When you copy the listing, reproduce each line as it appears and omit every image.
(Beginning of RAW DATA)
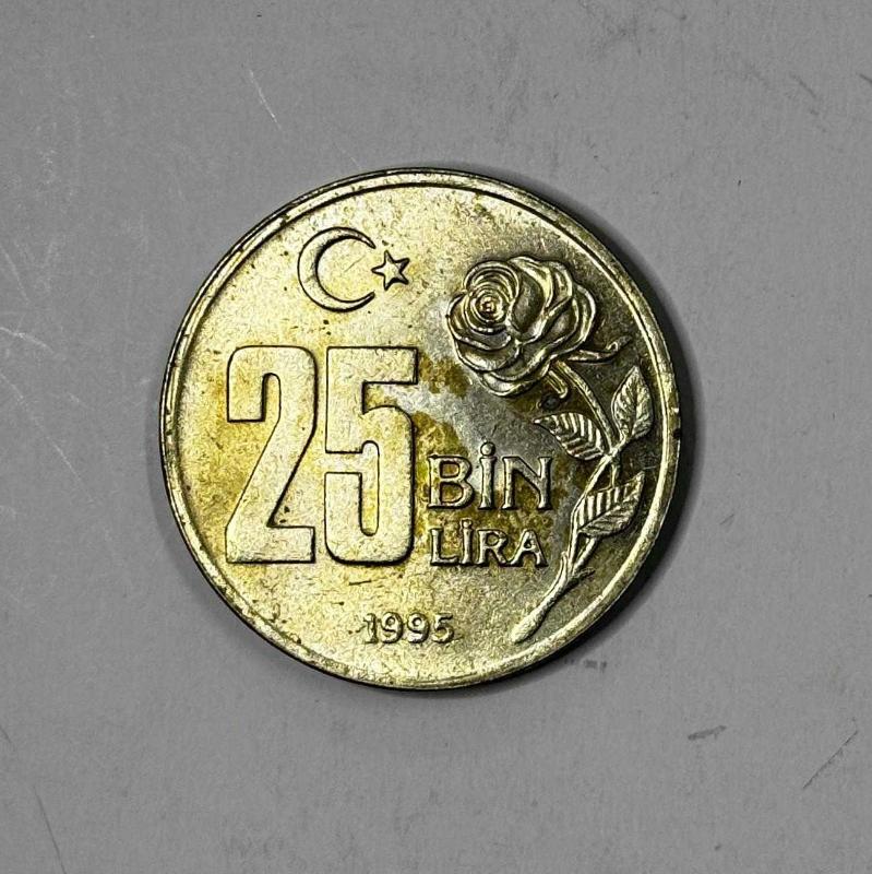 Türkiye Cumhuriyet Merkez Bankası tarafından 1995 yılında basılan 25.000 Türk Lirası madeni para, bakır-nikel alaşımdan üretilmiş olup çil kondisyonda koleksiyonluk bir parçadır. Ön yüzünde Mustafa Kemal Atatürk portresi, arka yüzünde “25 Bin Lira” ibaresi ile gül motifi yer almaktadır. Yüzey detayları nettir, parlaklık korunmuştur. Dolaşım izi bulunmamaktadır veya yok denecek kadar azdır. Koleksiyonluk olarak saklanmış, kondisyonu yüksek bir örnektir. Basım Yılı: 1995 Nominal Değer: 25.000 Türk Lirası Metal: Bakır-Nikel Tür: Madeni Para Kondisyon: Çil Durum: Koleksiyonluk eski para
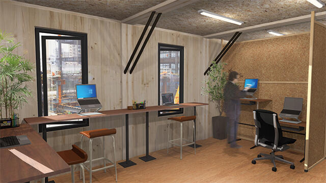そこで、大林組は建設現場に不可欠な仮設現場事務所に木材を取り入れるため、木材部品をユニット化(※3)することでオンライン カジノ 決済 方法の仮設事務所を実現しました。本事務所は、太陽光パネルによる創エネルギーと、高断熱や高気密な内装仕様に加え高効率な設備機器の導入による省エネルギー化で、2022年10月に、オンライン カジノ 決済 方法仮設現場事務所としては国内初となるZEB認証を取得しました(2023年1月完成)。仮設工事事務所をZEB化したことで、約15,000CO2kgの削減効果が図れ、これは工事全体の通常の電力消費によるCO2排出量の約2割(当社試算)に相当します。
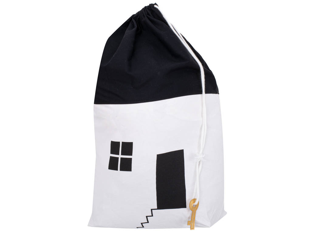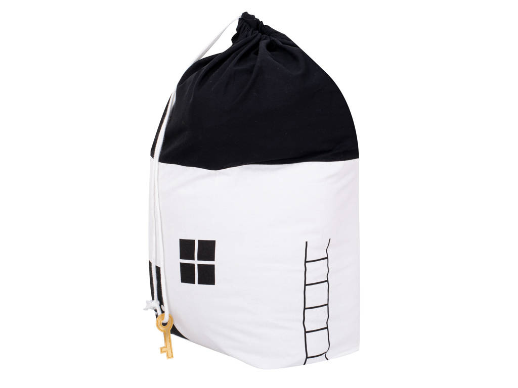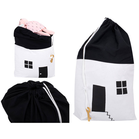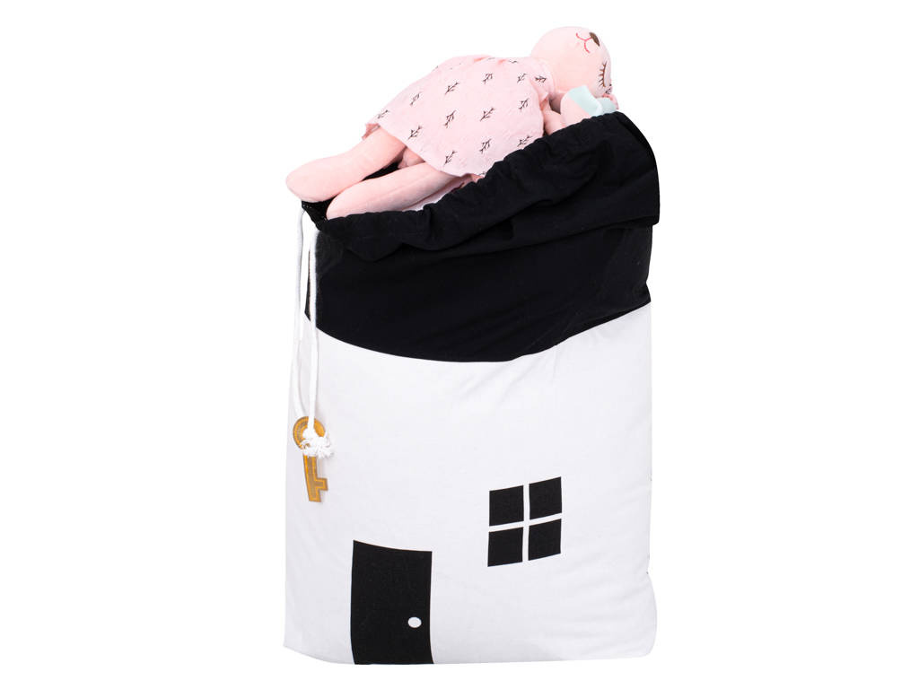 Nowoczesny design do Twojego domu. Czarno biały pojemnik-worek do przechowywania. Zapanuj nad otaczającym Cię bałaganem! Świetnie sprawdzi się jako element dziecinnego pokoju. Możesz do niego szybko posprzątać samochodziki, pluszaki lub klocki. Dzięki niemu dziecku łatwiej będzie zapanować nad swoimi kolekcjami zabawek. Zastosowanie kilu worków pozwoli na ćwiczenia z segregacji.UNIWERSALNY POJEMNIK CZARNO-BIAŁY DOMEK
(End of RAW DATA)
▶ ANSWER SPACE
 Türkiye Cumhuriyet Merkez Bankası tarafından 1995 yılında basılan 25.000 Türk Lirası madeni para, bakır-nikel alaşımdan üretilmiş olup çil kondisyonda koleksiyonluk bir parçadır. Ön yüzünde Mustafa Kemal Atatürk portresi, arka yüzünde “25 Bin Lira” ibaresi ile gül motifi yer almaktadır. Yüzey detayları nettir, parlaklık korunmuştur. Dolaşım izi bulunmamaktadır veya yok denecek kadar azdır. Koleksiyonluk olarak saklanmış, kondisyonu yüksek bir örnektir. Basım Yılı: 1995 Nominal Değer: 25.000 Türk Lirası Metal: Bakır-Nikel Tür: Madeni Para Kondisyon: Çil Durum: Koleksiyonluk eski para
そこで、大林組は建設現場に不可欠な仮設現場事務所に木材を取り入れるため、木材部品をユニット化(※3)することでオンライン カジノ 決済 方法の仮設事務所を実現しました。本事務所は、太陽光パネルによる創エネルギーと、高断熱や高気密な内装仕様に加え高効率な設備機器の導入による省エネルギー化で、2022年10月に、オンライン カジノ 決済 方法仮設現場事務所としては国内初となるZEB認証を取得しました(2023年1月完成)。仮設工事事務所をZEB化したことで、約15,000CO2kgの削減効果が図れ、これは工事全体の通常の電力消費によるCO2排出量の約2割(当社試算)に相当します。
 Nowoczesny design do Twojego domu. Czarno biały pojemnik-worek do przechowywania. Zapanuj nad otaczającym Cię bałaganem! Świetnie sprawdzi się jako element dziecinnego pokoju. Możesz do niego szybko posprzątać samochodziki, pluszaki lub klocki. Dzięki niemu dziecku łatwiej będzie zapanować nad swoimi kolekcjami zabawek. Zastosowanie kilu worków pozwoli na ćwiczenia z segregacji.UNIWERSALNY POJEMNIK CZARNO-BIAŁY DOMEK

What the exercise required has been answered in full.